Ever wonder why this "recovery" is so anemic?

We've seen such lackluster growth over  the last few years that there is talk of a "new normal" of lower expectations in what was once a powerhouse economy.

The GDP has not once hit 3 percent under Obama. Under George Bush, there were only two years when it was above that.  But in the previous two decades, it was above that in all but six years.

Compliance with regulations has to be some of the cause, but it is hard to tell how much. When  a new regulation is, the government estimates the cost, based on annual compliance cost.

That's fine, as far as it goes. But the regulations remain, while new ones are added. The Code of Federal Regulations has grown to an astonishing 81,000 pages.   

A new paper from the Mercatus Institute at George Mason University considers the cumulative effects of these regulations–and the results of the study are astounding. Investors Business Daily reports:

The paper looked at regulations imposed since 1977 on 22 different industries, their actual growth, and what might have happened if all those regulations had not been imposed.

What it found is that if the regulatory state had remained frozen in place in 1980, the economy would have been $4 trillion — or 25% — bigger than it was in 2012. That’s equal to almost $13,000 per person in that one year alone.

Looked at another way, if the economic growth lost to regulation in the U.S. were its own country, it would be the fourth largest economy in the world, as the nearby chart shows.

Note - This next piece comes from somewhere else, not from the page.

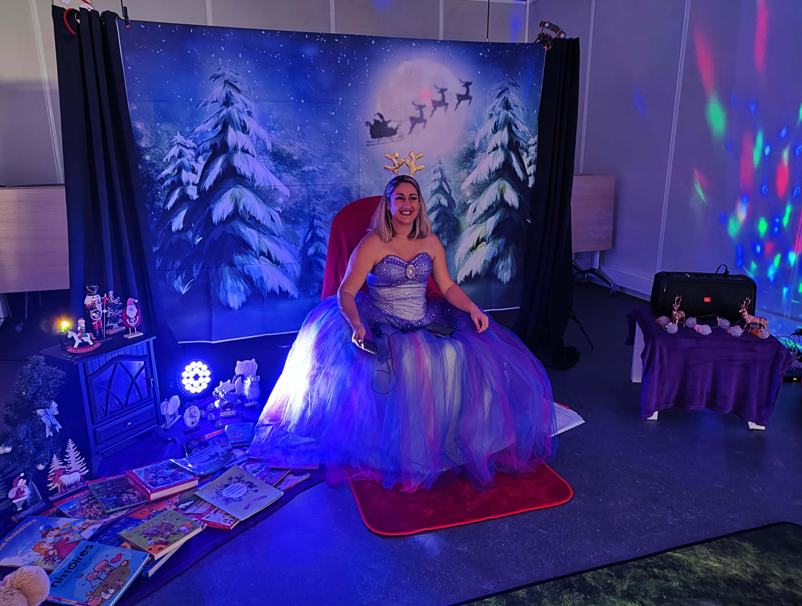 Notre conteuse, habillée en Princesse, tout droit sortie d’un conte de Fées, vous accueille dans un univers douillet, propice aux histoires… En fonction de l’affluence, tout au long de votre événement, elle alterne les récits, les chansons, les contes ; elle pose même avec les enfants pour des photos souvenir…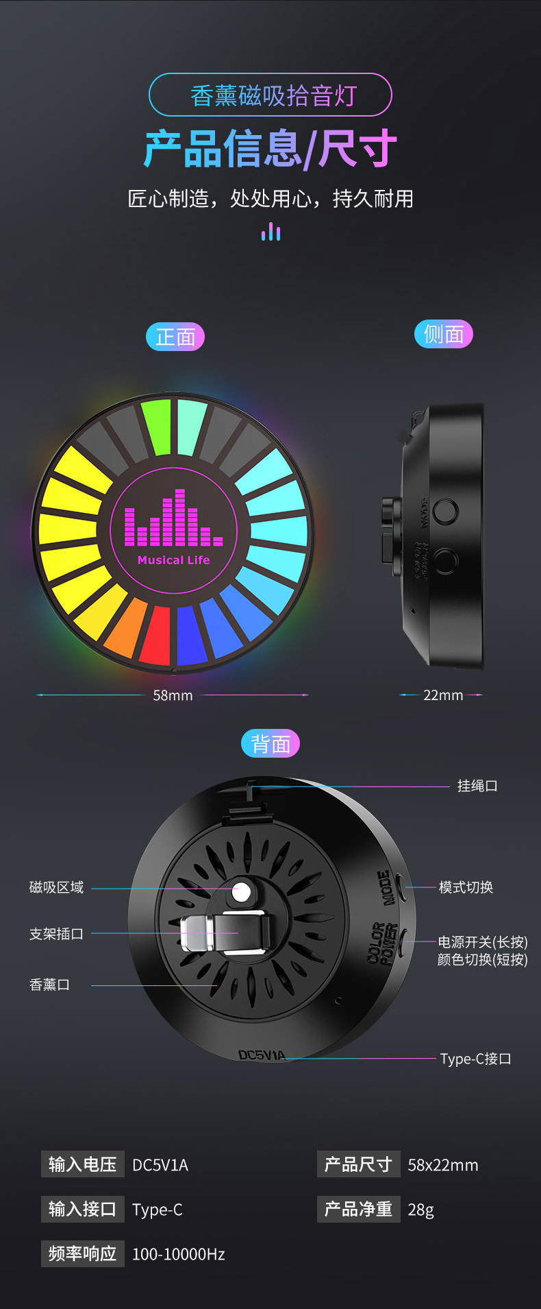 Автомобильный RGB светильник, магнитное всасывание, умный свет для автомобиля, ароматерапия, ритмичный свет, управление голосом, LED индукционный свет

The authors of the paper are Patrick McLaughlin, Bentley Coffey, and Pietro Peretto, who caution the reader that they study only the costs of compliance and make to attempt to evaluate the benefits (cleaner air, safer workplaces, etc.). IBD suggests that we are not, in fact, getting $4 trillion in benefits today.

The Obama administration issued 172 new regulations in the first term and 200 in the second. That is 85 more than Clinton and 100 more than Bush.